Richard almost 10 years

@llimllib, I shall have to ask Dr. Wiles then!
Mona Jalal almost 8 years

what is the reason we would want to unpack a dictionary when passing it as an argument to a function?
Thomas over 7 years

@MonaJalal To forward it to another function that takes **kwargs, for instance; it will expect an unpacked list of arguments, not just a dictionary of arguments.
Natecat over 7 years

It does answer the question though, it just doesn't do it via dictionary unpacking. His approach is perfectly valid based on the question posted.
Brōtsyorfuzthrāx over 6 years

@MonaJalal It can be useful if you want to do such as ast.literal_eval(someText), which could convert someText into a dictionary; then you could unpack it into a method (and someText could be previously parsed to match the keywords in the method better, if you want alias keywords or such). So, that would be one way to allow for data entry (done to trigger methods), where it doesn't require multiple forms, boxes, mouse-clicks, etc. in a fashion without editing .py files themselves all the time (and it's one example of possibly countless where unpacking a dictionary could be useful).
Martlark over 6 years

Using unpacking with print.format is particularly useful. eg: 'hello {greeting} {name}'.format( **{'name': 'Andrew', 'greeting': 'Mr'})
spencer about 5 years

Old question but still very relevant. Thanks for the detailed response.
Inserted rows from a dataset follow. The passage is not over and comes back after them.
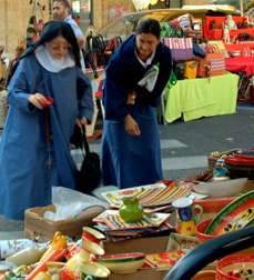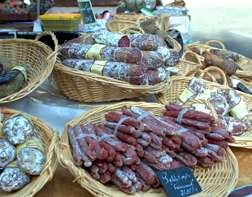 In des Prêcheurs, the antique and old book dealers are at the south end, in the middle are clothes and hats, china and baskets. Two nuns pick out some colourful Provencal bowls - they wear habits of lightweight denim (!) and one has a long black veil. Nearer the fountain are stalls selling local fruit and vegetables, breads, spices from the East, fragrant cheeses, and woody-smelling sausages.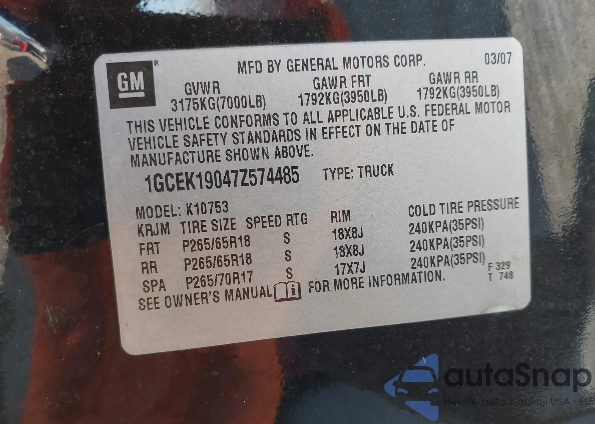 The car Chevrolet Silverado 2007 (VIN 1GCEK19047Z574485) has not been auctioned before. The documents are clean, and the mileage matches or is below the market average. Sold by an insurance company – we recommend purchase. Delivery to the port will take approx. 6–8 weeks.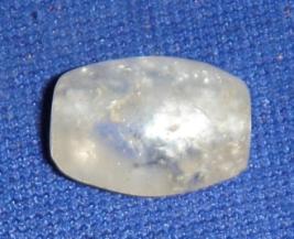 | Description / विवरण | Dhol shaped stone bead with smooth surfaces and a perforated hole at the centre. It is transparent in colour and cracked from inside. |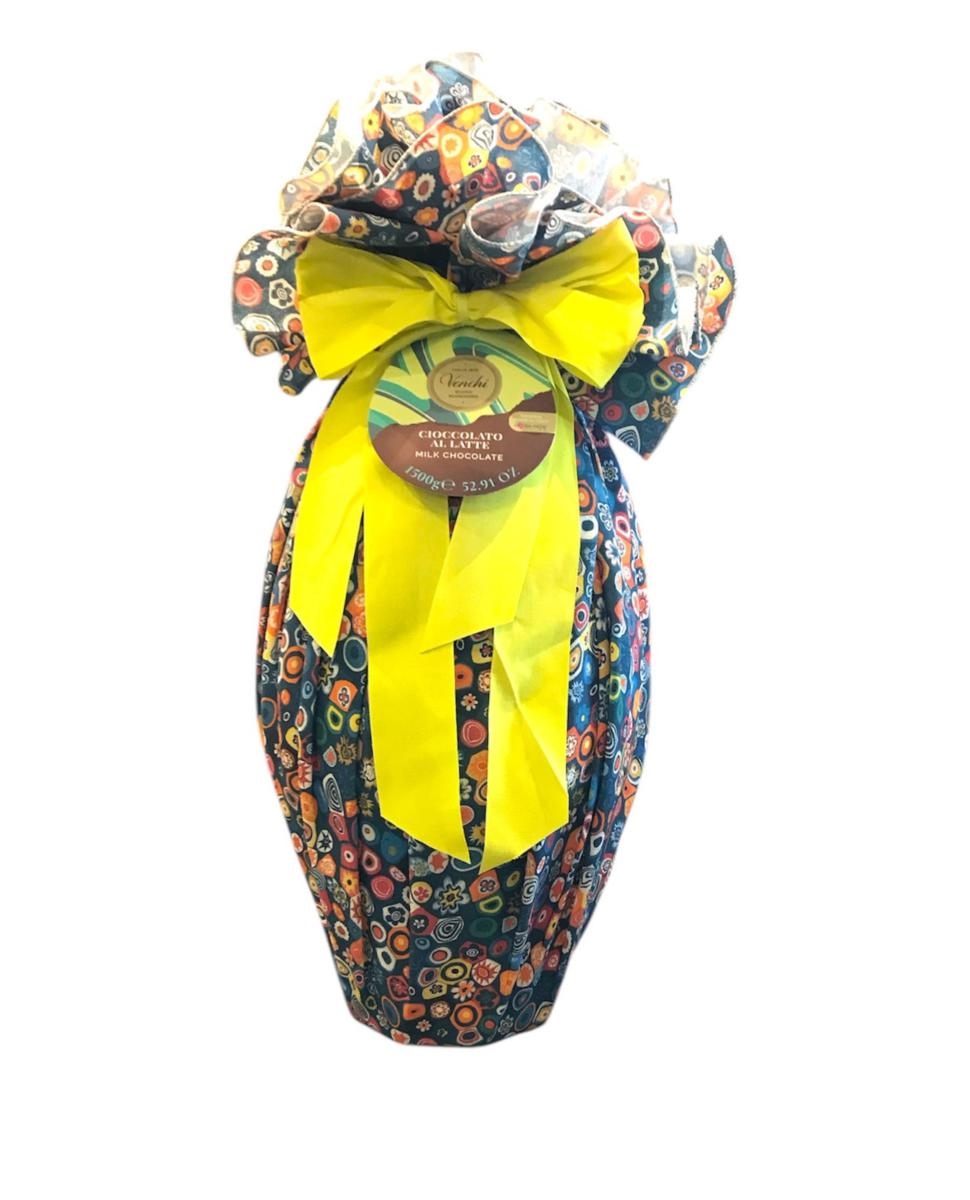 Uovo di Pasqua di cioccolato al latte (1500g). Questo uovo è incartato in una raffinata tovaglia. INGREDIENTI CIOCCOLATO AL LATTE (CACAO: 31,8% MIN.). SENZA GLUTINE INGREDIENTI: Zucchero, LATTE intero in polvere, Burro di cacao, Massa di cacao, Grasso di LATTE anidro, Emulsionante: lecitina di SOIA, aroma naturale di vaniglia. PUÒ CONTENERE TRACCE DI FRUTTA A GUSCIO.

Do you know any ways to work around case 3? Meaning pythonically map the items of the dictionary to the function parameters, when there are more items in the dictionary than there are parameters?
David Parks about 5 years

@spencer a solution has been added to the answer.
R__raki__ almost 5 years

@Dave, how that param is converted into 'param' , i mean how a variable name is converted into string :-))
Dave Hillier almost 5 years

is that a question @user2728397?
R__raki__ almost 5 years

@DaveHillier yes, just curios , how internally a variable name is changed into string, this also happens when you pass a dictionary to a function call , all the keys which are strings are converted back into the variable names , how python internally does that, can it be done in the python interpreter or is it a just internal manipulation .
mins over 3 years

"The documentation of it sucks", unless your problem is to print "This parrot wouldn't VOOM if you put four million volts through it. E's bleedin' demised" using a dictionary. In that case it's perfect.
ali14 about 3 years

@Martlark Using template strings, it will be like: subst_dict = {'name': 'Andrew','greeting': 'Mr.'} title = 'hello $greeting $name' formatted_title = Template(title).substitute(**subst_dict)
Gulzar about 3 years

@Javier The solution was unpacking the dict. The question was passing dict as named params. Thus, future users, would still prefer the original, as it is more Googlable.
Dave Hillier about 3 years

Pretty certain someone else edited my original title regardless. At least this question is now protected.
Technophile over 2 years

@MonaJalal want to do it when calling a function that takes different named arguments depending on what configuration you want. Passing in e.g. None for any unused values will override any default values. A specific example is asyncssh.connect().